I like to drill a few 1 1/4" holes with my Bosch rotary hammer in a square pattern and then "connect the dots" with a 2" scaling bit. The result is one piece on concrete that can quickly be removed and disposed of. This technique works well if you are making a hole less than 1 square foot. Any bigger than that and I'll usually pull the jackhammer of the truck.

This home owner has had 3 leaks in the past 18 months and the house was built in the late 80s. We will be coming back to repipe it.


----------



## gusty60 (Oct 21, 2008)

What are you using for th repipe?


----------



## Protech (Sep 22, 2008)

Pex


----------



## Plasticman (Oct 14, 2008)

Welcome to the Florida aquafer. ( spelling ? )
Chemicals from all the fertilizer poured on the golf courses prolly.


----------



## Protech (Sep 22, 2008)

*more pics*

more pics


----------



## user823 (Feb 3, 2009)

Nice job!


----------



## Hyper Piper (Nov 29, 2008)

Was the leak caused by the concrete being in contact with the copper pipe? I've seen leaks caused by that scenario before.


----------



## Protech (Sep 22, 2008)

the pipe was sleeved in armaflex


----------



## ROCKSTARPLUMBER (Dec 14, 2008)

Come across alot of those here in N florida too. Have some pics somewhere, will try to find and post.

BTW, did you sell a new Gerber with slab leak? Looks like it.


----------



## Protech (Sep 22, 2008)

no, it was installed on the last leak.


----------



## SPH (Nov 4, 2008)

copper leaking??? noooo... i thought only pex did that!!

Good repair!
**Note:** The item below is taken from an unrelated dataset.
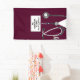 Unique nursing school graduation congratulations banner for nurse grad party. To personalise, edit text to add name and medical credentials.

Glad to hear you made some money!


----------



## Protech (Sep 22, 2008)

Around here, copper is the worst type of pipe to use. I have done over a thousand copper leak repairs.


----------



## PipemanNYC (Nov 21, 2008)

i have the same knife...


----------



## Plumber (Jan 18, 2009)

Why not just go with copper? Oh...."Super Pex Man"...I get it :thumbup:

Nice job. We have basements and crawlers, so the big buck pipe repairs don't happen often enough and diy'ers jump on it.


----------



## WestCoastPlumber (Jun 17, 2008)

Did you braze that joint? We have to braze all joints under the slab.

I actually have a slab leak tomorrow, at a dentist office, on a sunday. its hte secoind, I repaird the first one about 4 weeks ago, a gusher, this one was 50' away, same hallway, this time the carpet is staying wet.

I am re-piping in about 2 montths, All 19 sinks need to be brought out of the slab, I have the contract signed, this is just an added bonus :yes:

The dentist is waiting for his designer to finish, so we (work comp just kicked in) can go in repipe, change out all faucets, sinks and strainers.

Fun times, I hate slab leaks, but it's all good!


----------



## smellslike$tome (Jun 16, 2008)

WestCoastPlumber said:


> Did you braze that joint? We have to braze all joints under the slab.
> 
> I actually have a slab leak tomorrow, at a dentist office, on a sunday. its hte secoind, I repaird the first one about 4 weeks ago, a gusher, this one was 50' away, same hallway, this time the carpet is staying wet.
> 
> ...


I see MANY CLAMS in your future!!!


----------